# Standby generator vs a portable inverter generator



## Generator Newb (Feb 7, 2018)

I just wanted to get some of your opinions on what you'd go with and why. I'm contemplating purchasing a Honda Eu7000is inverter generator (5.5k running watts/7k peak) vs a 12kw standby Kohler unit with automatic transfer switch.

I have natural gas service at the house and my panel is already wired with a 30 amp inlet and an interlock kit. In addition, I have a gentent to run the portable generator outside in inclement weather.

The total cost of the standby generator is $7.5k while the Honda costs $4k. Power outages in my area are pretty rare. If I'm already spending $4k, I wonder if it's worth it to just go all the way for the standby. I do realize that the inverter will require keeping gas on hand but also realize it operates at 52-60db vs 72db.

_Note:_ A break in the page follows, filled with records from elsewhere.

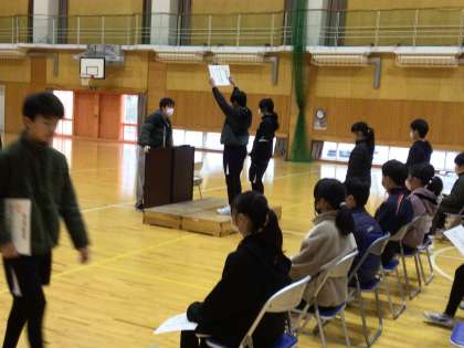 6年生の卒業式練習の様子です。今日は初めて証書授与の練習をしました。
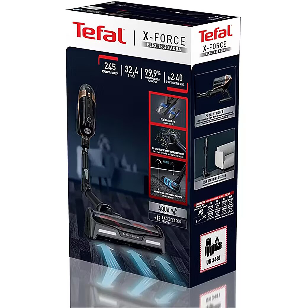 MediumDescription EN - Discover X-Force Flex 15.60,Tefal's most powerful cordless stick vacuum combined with a best-in-class X-perience. Revolutionize your cleaning routine with a full cordless cleaning package: Powerful suction, two removable batteries, automatic suction power adjustment by floor type, the Aqua head to vacuum and wash at the same time and so much more. • Flex Technology reaches up to 4x further under low furniture
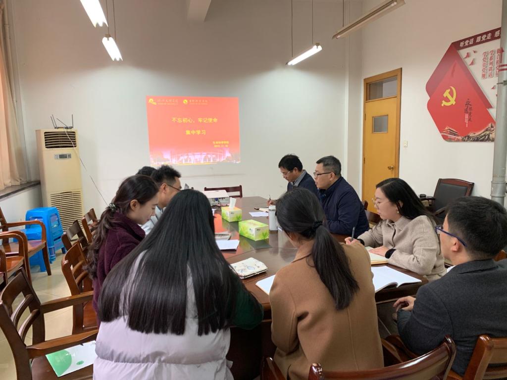 11月18日下午,生命科学学院召开党委理论学习中心组学习会,传达学习党的十九届四中全会精神。
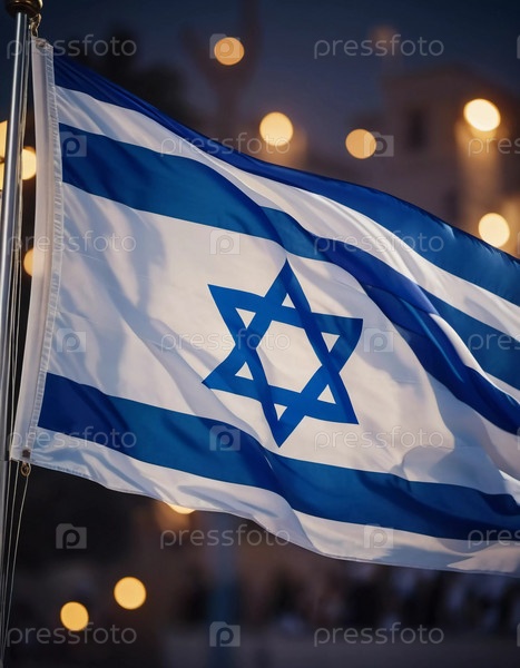 Израильский флаг, размахивающий на ветре с синими и белыми полосами и звездой Давида в центре. ощущение движения и энергии. созданный ИИ
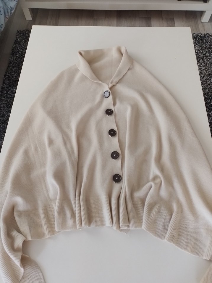 Düğmeli, bej renk uzun triko panco, Yumuşak triko dokusu rahat ve şık bir görünüm sunar.
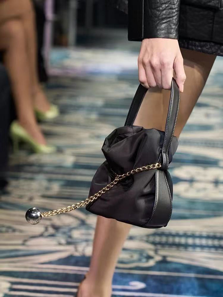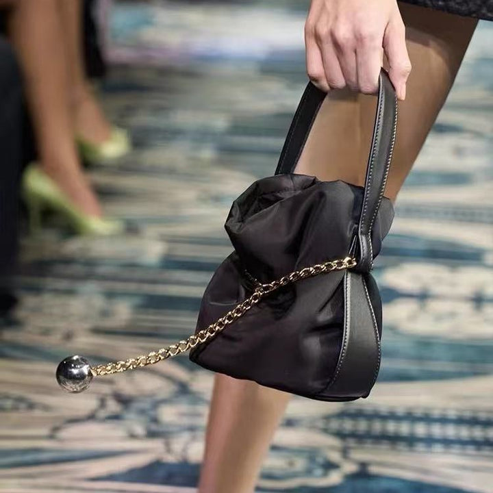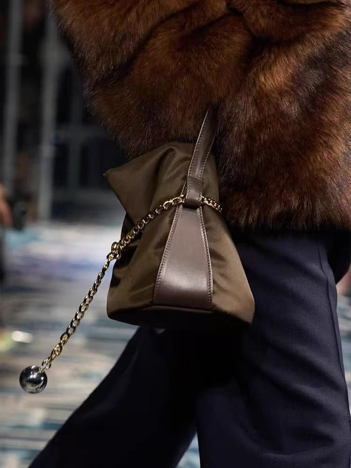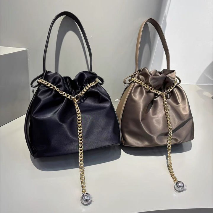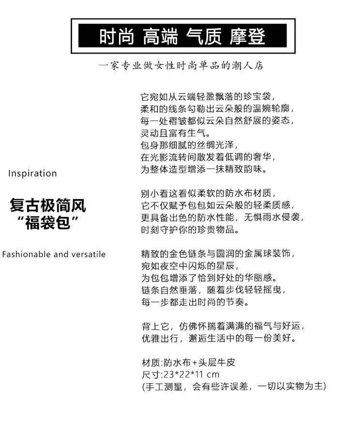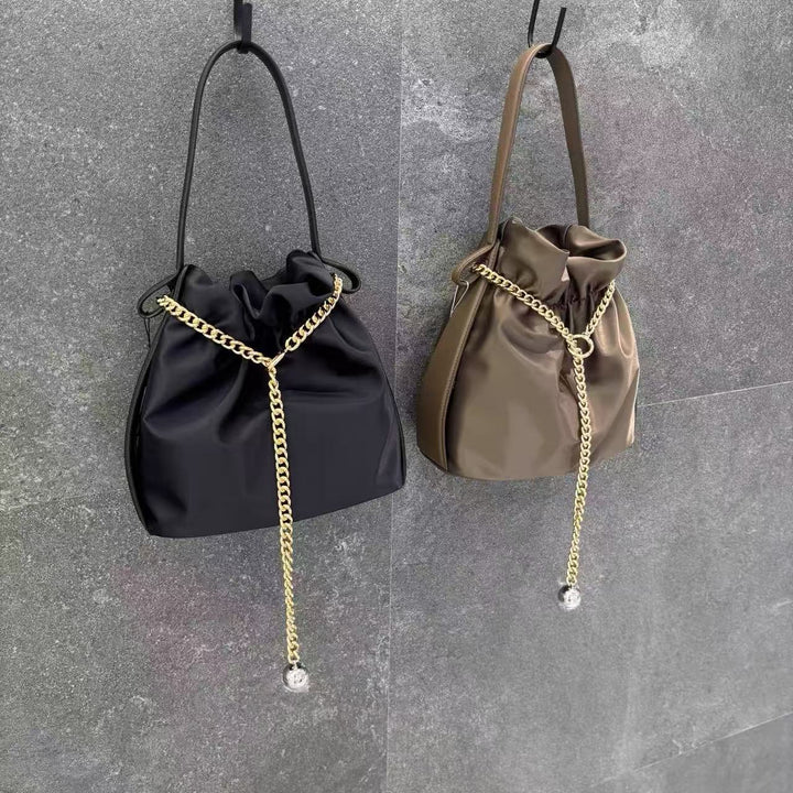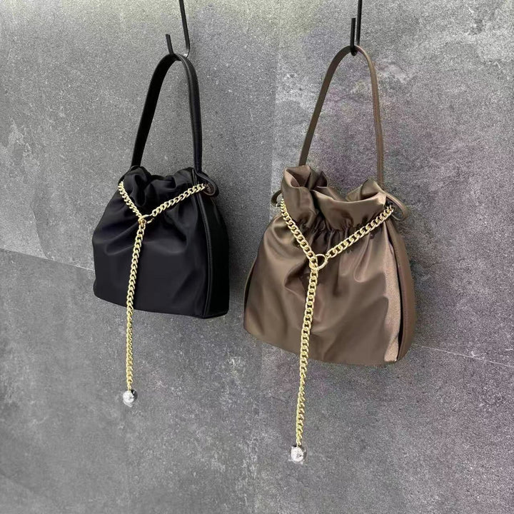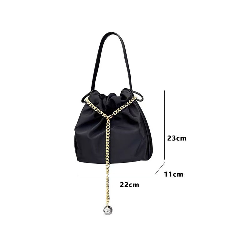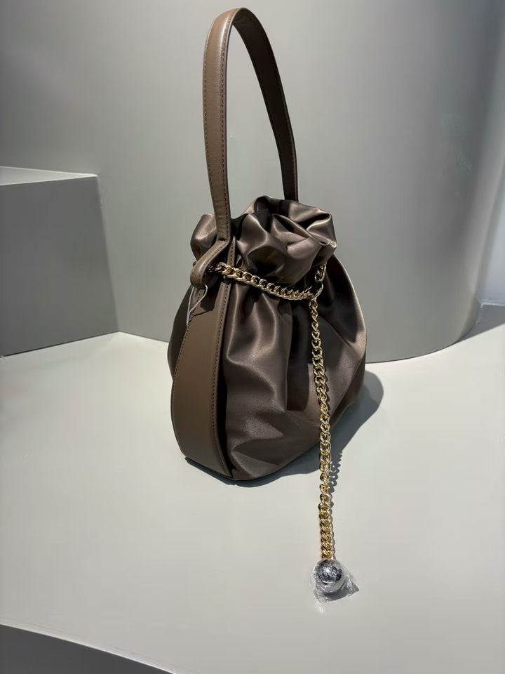 Crafted with waterproof silk-look fabric and genuine leather trim, this minimalist tote combines elegance with functionality. Measuring 23x22x11cm, it offers compact yet practical storage. The adjustable leather chain strap allows versatile wearing - crossbody or shoulder carry. Perfect for daily essentials, it transitions effortlessly from day to night.

Your opinions are greatly appreciated!


----------



## KRE (Nov 29, 2011)

If the Kohler model your looking at is a 1800rpm unit that is the route I would go. If it's a 3600 rpm fly-apart I'd do the Honda. I dislike anything 3600rpm no matter who made it.


----------



## Generator Newb (Feb 7, 2018)

Interesting, do you think the 3600rpm units are unreliable? The Kohler I mentioned is 3600rom and the Honda inverter is obviously a variable speed model. I'd ideally like a generator I can keep for a very very long time.


----------



## KRE (Nov 29, 2011)

I don't think they are I know they are based on 45+ years of power generation, behind me. The choice is really yours as it's your money.


----------